As shown in fig. 6, the encoder of the prediction model includes an input embedding layer, a position encoding layer, the attention layer, a regularization layer, and a feedforward layer. The decoder of the prediction model comprises an output embedding layer, the position encoding layer, the attention layer, the regularization layer, the feedforward layer, a linear translation layer and a Softmax layer.

Wherein the input embedding layer is used for converting the historical time series data into a vector form.

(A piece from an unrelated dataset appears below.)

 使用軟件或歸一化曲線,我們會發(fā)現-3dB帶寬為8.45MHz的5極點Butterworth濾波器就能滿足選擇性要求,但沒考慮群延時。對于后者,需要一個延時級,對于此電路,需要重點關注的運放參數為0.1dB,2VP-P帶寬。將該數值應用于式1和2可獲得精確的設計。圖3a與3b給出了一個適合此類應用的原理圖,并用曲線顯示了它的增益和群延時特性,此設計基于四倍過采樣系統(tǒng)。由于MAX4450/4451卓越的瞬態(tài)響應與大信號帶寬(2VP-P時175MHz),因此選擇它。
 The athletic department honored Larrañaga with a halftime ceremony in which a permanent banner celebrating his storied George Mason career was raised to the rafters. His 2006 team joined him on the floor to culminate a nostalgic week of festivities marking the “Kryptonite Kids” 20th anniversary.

The position coding layer is used for determining a position coding feature vector of each datum in the historical time sequence data, and the position coding layer adopts trigonometric function type coding. The absolute position information and the expression capability of the relative position information are acquired by the position coding layer, and the relative or absolute position information of the sequence is injected into the input sequence.

In order to deal with the sequence problem, the solution of the standard transform network is to use Position Encoding (PE), where absolute Position encoding maps a fixed Position vector for each Position in the sequence, and then add the embedded word vector and the Position vector to obtain a final input vector for each time sequence, which is used as the input at the bottom of the encoder and decoder stack. The position coding layer of the embodiment of the invention adopts trigonometric function type position coding, each dimensionality of the position coding corresponds to a sine curve, the wavelength forms a geometric series (N is a positive integer, such as 10000) from 2 pi to N.2pi, the position coding is realized by using sine and cosine functions, the even number position uses sine coding, and the odd number position uses cosine coding. Specifically, the position coding layer determines the position coding feature vector by the following formula:

wherein PE represents a position-encoded feature vector, pos represents a position of data with index i in the historical time-series data, N represents a positive integer, d _model A model dimension representing the predictive model.

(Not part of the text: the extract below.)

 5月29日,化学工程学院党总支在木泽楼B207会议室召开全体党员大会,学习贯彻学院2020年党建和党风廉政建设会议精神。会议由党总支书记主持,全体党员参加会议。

The attention layer comprises the linear mapping autocorrelation attention module described in the above embodiment, and may further comprise a sparse attention module,

One or more of an attention module and a residual attention module.

In order to solve the problem of data distribution deviation, the standard transform network introduces a regularization layer (normalization layer) to keep the input distribution of the neural layer consistent in the training process. Different from Batch Normalization, the regularization Layer of the prediction model in the embodiment of the present invention realizes Layer Normalization, and normalizes the input data of each Layer by summarizing the data input to the same Layer, calculating the average value and the variance, and accelerating the convergence rate of the deep network.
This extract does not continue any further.